Long story short, wood wouldn't fit on my carryon so I ended up going to a UPS store and shipping it home!

I picked up some cherry, walnut, maple, some exotic starts with a "P" I think...anyways the first knife I made I finished with some hardware store wood hardner...but reading around here lots of people seem to prefer tung oil and whatnot.

What do you guys think? Is the minwax wood hardner stuff any good or should I switch up finishing on the next project?

Any knifemakers in MN know of a steel supply house in the metro that will sell in small quantities to the general public?
(I've been to Aldos store but the shipping is hard to swallow- understandbly steel is heavy)

Here's a pic of some of the wood I picked up and a couple of knives and blades in progress

Untitled by rlibson, on Flickr

Finally I want to thank all the great members and makers of this fine forum - your work is masterful and your knowledge irreplaceable. I only hope to get something 1/10 as beautiful as what most of you are making.

Thanks in advance.
 
Yay, another convert! :-)

I order my blade steel online. it's frightfully easy.
Jantz, Amazon(!), McMaster etc.

If I were a pro needing large quantities it might be a different story, but for ones and two of various thickness and type, the standard 18" precision ground stuff is a really really nice place to start. No flattening or straightening and you know exactly how to heat-treat it because you know what it IS.

Good luck with your wood stash. I just handled with some unknown and am about to post about it. It's fun.

-Daizee
 
The exotic you picked up wouldn't be Paduak by chance?

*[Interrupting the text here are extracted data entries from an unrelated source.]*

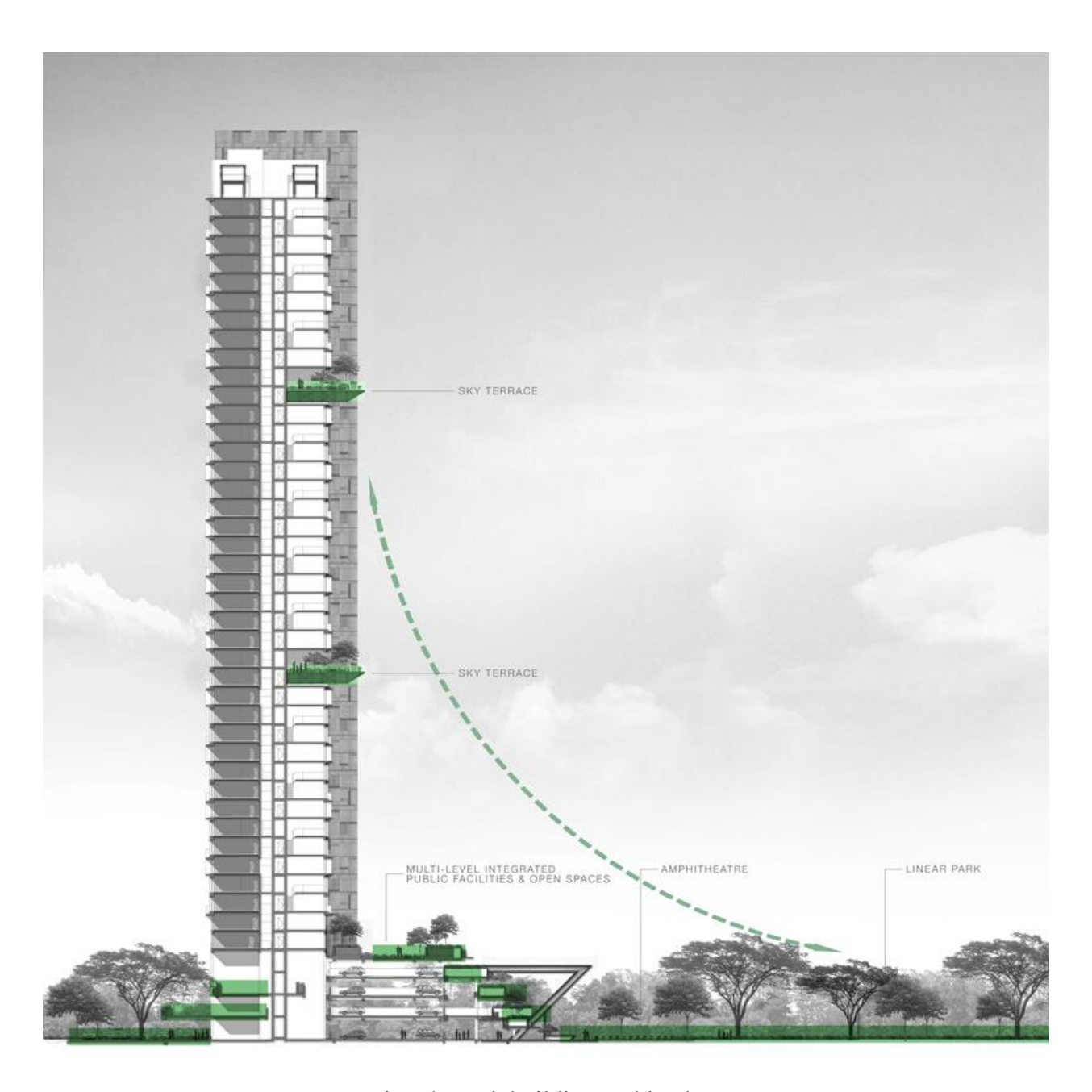
section through building and landscape
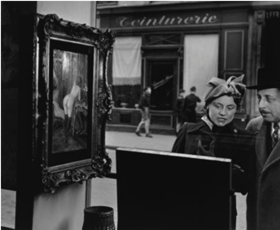
Robert Doisneau Un regard oblique [A sidelong glance] 1948, gelatin silver photograph, printed 1990
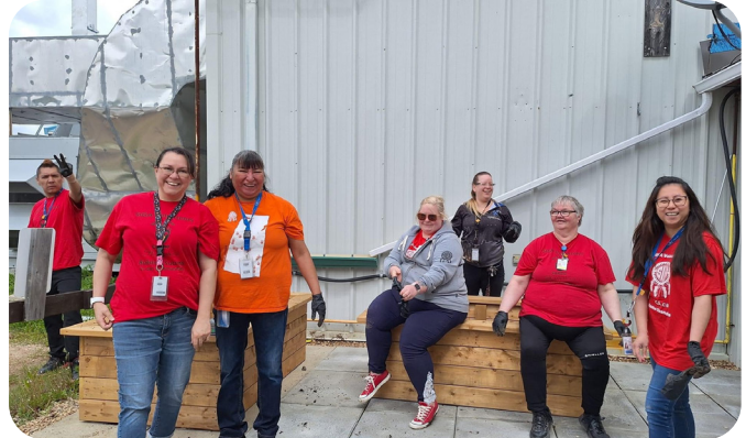
(Bear Claw Casino & Hotel volunteers pose for a cheery photo.)
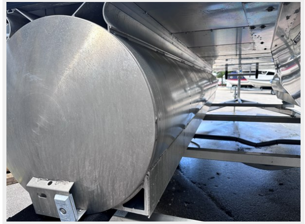
21. upgraded tube diameter
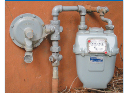
Single-unit residential meter
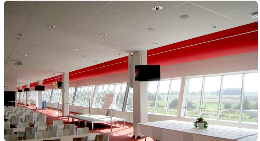
85 metres Ø1000 duct
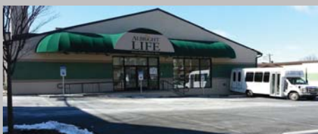
Albright LIFE Center
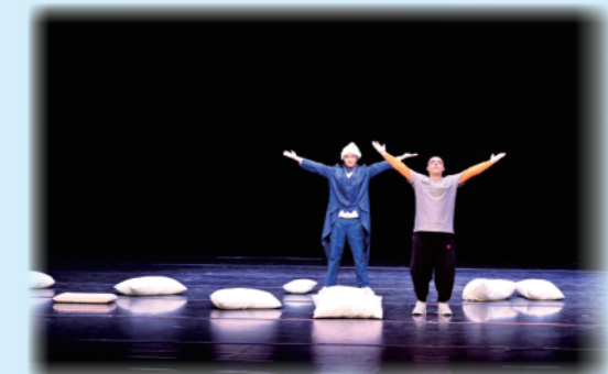
Our two award-winning students with their well-coordinated movements and vivid expressions
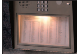
led lit directory display
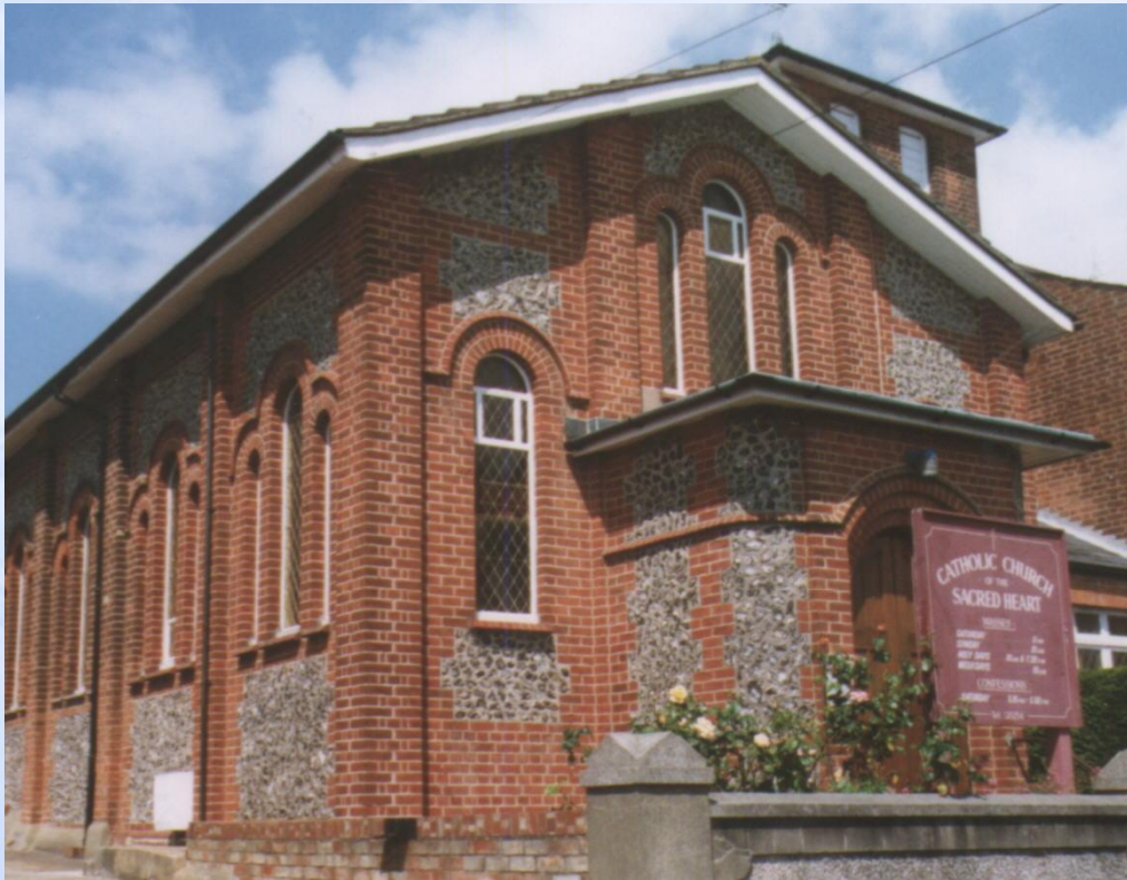
Roman Catholic Sacred Heart, Fort Road (registered for worship 1898)
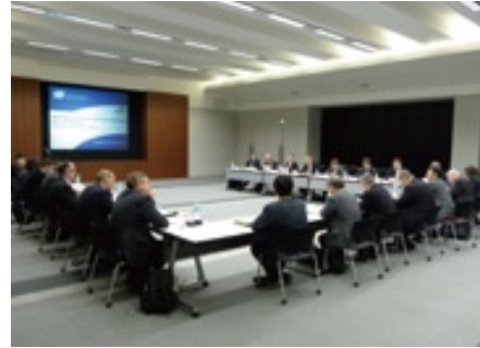
UITP Regional and Suburban Railways Committee (Tokyo, 2010)
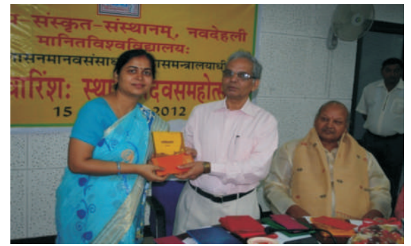
Prize Distribution in Hindi Competitions
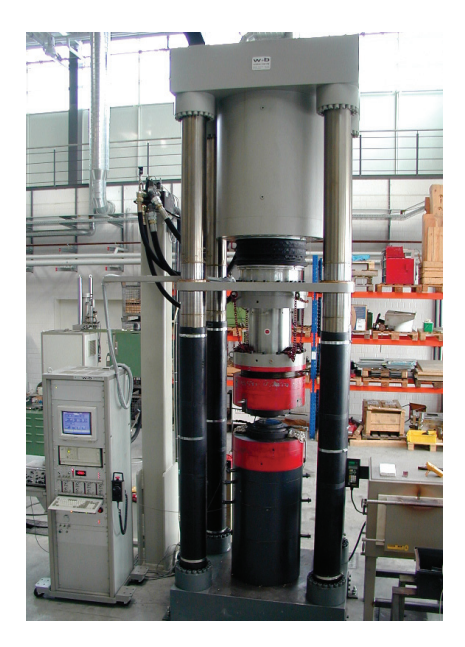
walter+bai Testing Machines
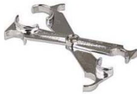
Fuel Line Disconnect Tool
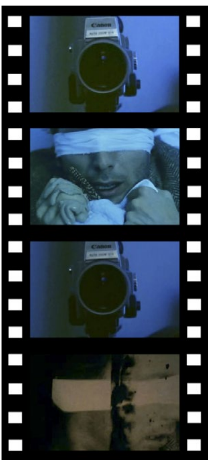
Figure 1. Vampirism process in Rapture (Arrebato, Iván Zulueta, 1979)

trade, perceive it as a way of life, and show this through constant study of their medium of expression. The purpose of this article is to explore how these filmmakers think about filmmaking by making films.
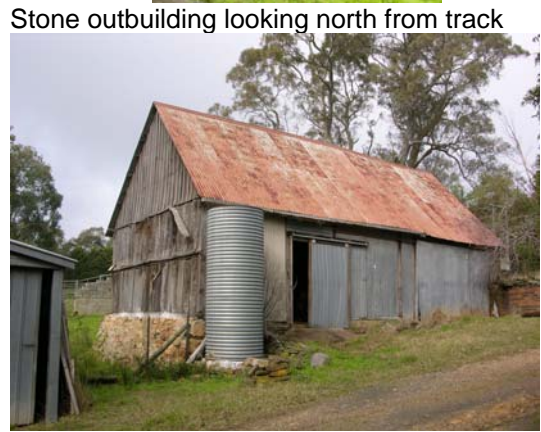
Slab Barn No 1 (looking south)
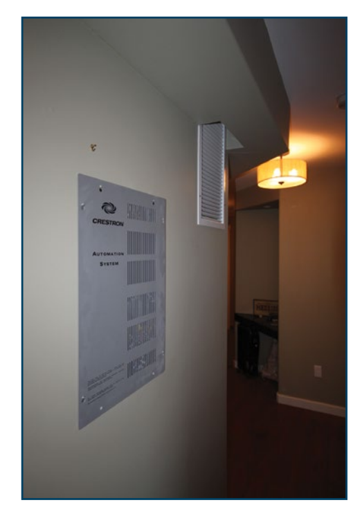
Figure 6: Central control panel

Electrical panels are often installed in the basement or some out-of-the-way corner, but homeowners that cannot make it up and down the stairs may not be able to access them if a breaker trips or the power goes out. Consider moving the panel to the garage and installing it at a wheelchair-accessible height.
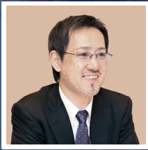
Yoshihiro Kawaoka Professor
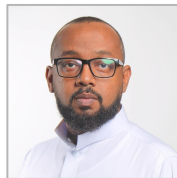
from Swedish - Ukrainian Beetroot Academy earning a Front-End Development certificate.
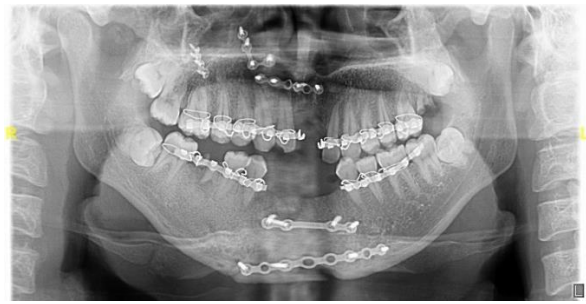
Figure 8. Post ORIF 1 month panoramic photo

On the 40 days postoperatively, control was carried out again and a better clinical condition was obtained; the occlusion was stable, complaints of no longer feeling surgical pain had disappeared, swelling had also disappeared, and removal of the interdental wiring was performed on the maxilla (figure 9).
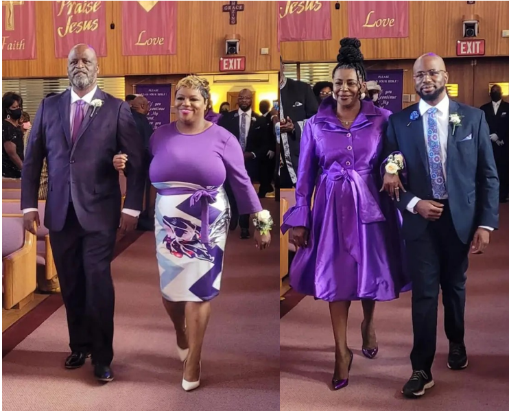
Our New Pastor and First Lady
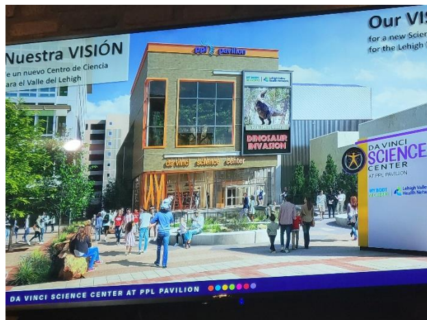
Artist Rendition of New Center

The new “DaVinci Science Center at the PPL Pavilion” is now under construction! The main entrance will be on Hamilton Street in downtown Allentown. The facility will be twice the size of the current Center and have three times the exhibit space. Alvin Butz is the construction manager. The cost of construction will be around $72 million. It is scheduled to open in Spring, 2024. Exhibits will include a Lehigh River Watershed with live river otters, a 40’ waterfall and 3 ponds! There will be a Curiosity Hall with projections up to 50 feet high. LVHN is sponsoring a “Immersive Body” on three levels, where children can
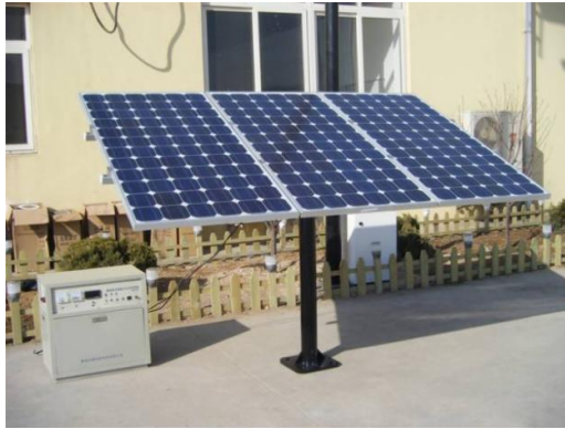
Table 5 Solar Energy system (Electricity forum)

Small scale wind energy systems – Small wind energy systems can be used in connection with an electricity transmission and distribution system these tend to have high capital costs but low running costs. Supply is intermittent and so energy storage is necessary for reliability. Wind is derived from solar energy. When the sun heats the earth's surface unevenly, it creates differences in air temperature and atmospheric pressure, which causes wind. Wind turbines for domestic or rural applications range in size from a few watts to thousands of watts and can be applied economically for a variety of power demands.
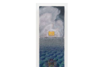
Untitled (Stacked Diptych 1) , 2024 Oil on panel 20 × 8 in. (50.80 × 20.32 cm)
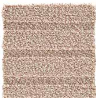
Porcelain Pink 600
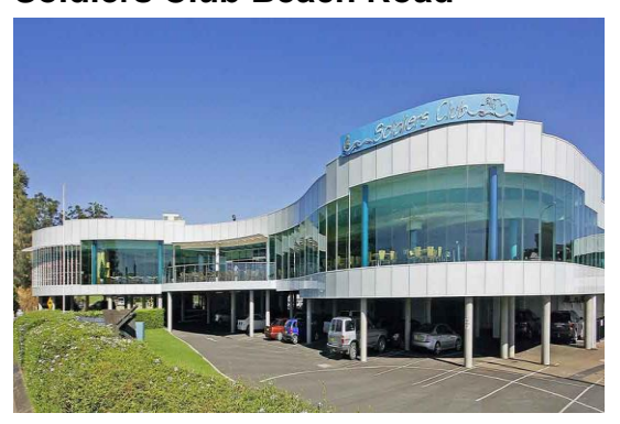
Major sponsor of our club.
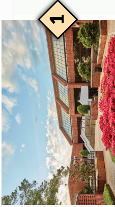
Rogers Student Center Event Check-In Academic Showcase
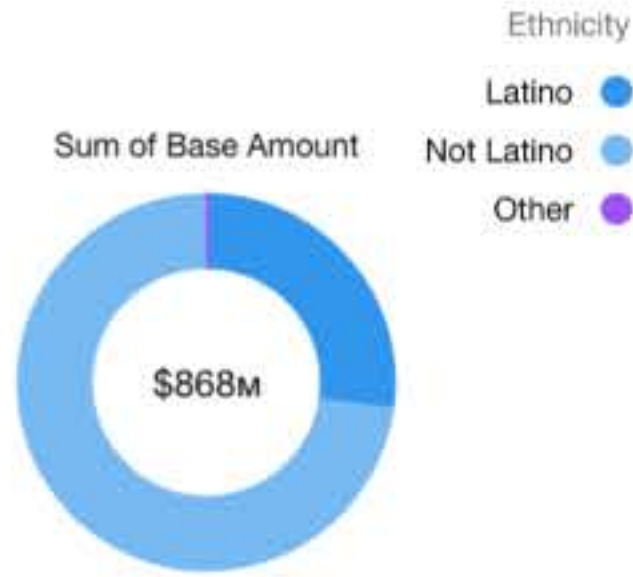
Approved Funding by Ethnicity

As for finishes...each wood acts differently. What may work well on one wood, might flake and fall off another. Usually, any wood that has a lot of natural oil (rosewoods, cocobolo, desert ironwood) don't take many finishes well. Those woods are usually suitable just to hand finish to a high grit (2000+) and a light buff, allowing the natural oils to do their thing. A light wipe of tung oil can help, but don't use too much or it won't soak in. Other woods are hard and dense enough (lignum vitae, osage orange) that a high grit hand sand is all you need. I really like Osage Orange, that stuff is ROCK hard and polishes almost like glass when you get to the 2000 grit stage.

Some woods are too soft for general knife use and can mar easily. You can finish these with a super glue or cyanoacrylate finish. Also, Tru Oil (a gunstock finishing oil) can be used if time is taken to work it properly.

I have not used the wood hardener, so I can't say anything about it.

Tung oil (not pure tung oil btw) is a very versatile finish that works for a LOT of different woods.
 
I really like Tru-Oil. I think it's less nasty to the user than tung.

-Daizee
 
I really like it too, but man there's a learning curve to applying it properly. You can NOT be impatient! lol
 
The exotic you picked up wouldn't be Paduak by chance?

Texted my bud - It was a B not a P

Bubinga...pretty dense stuff.

I guess I should just get over the shipping...nothing about this hobby is really "cheap"

This was just me digging through his "burn" wood in the garage....wish I could have made it to his real shop.
 
Minwax Wood Hardener is useless.

And as an aside, wood that is wonderful for furniture would in many cases be FAR less wonderful as a knife handle. The image you posted seems to show a handle that has grain that is far too large for use as a knife handle. The pieces behind it may be better... I can't really tell.

Sorry to rain on the parade.
 
don't worry about raining on my parade I've got plenty of umbrellas.

Yeah that knife is more a shiv than anyting..it's the leftover piece of a broken draw knife that I hacksaw'd in half and handled in some scrap oak flooring. No bolsters, no guard, the pin holes aren't square and it's epoxied with essentially goop..it's a wreck but it was fun.

Only real piece of wood that I would use for a handle on it's own was that bubinga...not sure if it's the right kind of wood but it seems pretty dense and tight grain. The will probably be glued together to create some accents/inlays down the line.